Anti-GQ1b antibody syndrome is a spectrum of autoimmune disorders affecting nervous systems. We report a case of a 53-year-old woman presenting mydriasis with acute onset of periorbital pain, photophobia, and subsequently, diplopia. Despite weakly positive anti-GQ1b IgG antibody, the patient exhibited atypical features with isolated ophthalmoplegia and absence of classic Miller-Fisher syndrome triad. Symptoms improved spontaneously without specific immunotherapy.
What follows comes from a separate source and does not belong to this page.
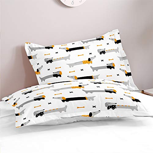 Hiser Set di Biancheria da Letto de 3 Pezzi - Set Copripiumino per Letto Matrimoniale Singolo King in Microfibra - Federa e Copripiumini di 3D Animale Cane Stampa (Bassotto,140x200cm)

This case highlights the variable clinical presentations of anti-GQ1b antibody syndrome, emphasizing the importance of considering this diagnosis in patients with unexplained iris abnormalities and ophthalmoplegia.

Introduction

Anti-GQ1b antibody syndrome is a spectrum of autoimmune disorders affecting both the central and peripheral nervous systems. It encompasses Miller-Fisher syndrome (MFS), Guillain-Barré syndrome with ophthalmoplegia, Bickerstaff brainstem encephalitis, and acute ophthalmoplegia without ataxia (AO). The etiology is closely linked to the production of anti-GQ1b antibodies following infections with microorganisms such as Campylobacter jejuni and Haemophilus influenzae. Clinical manifestations are diverse and can include ophthalmoplegia, ataxia, areflexia, vestibular dysfunction, and optic neuropathy (1).

Iris paralysis is one of the hallmark features of anti-GQ1b antibody syndrome. Between 42% and 55% of patients with anti-GQ1b antibody syndrome exhibit iris paralysis, characterized by mydriasis, loss of light reflex, and anisocoria (2, 3).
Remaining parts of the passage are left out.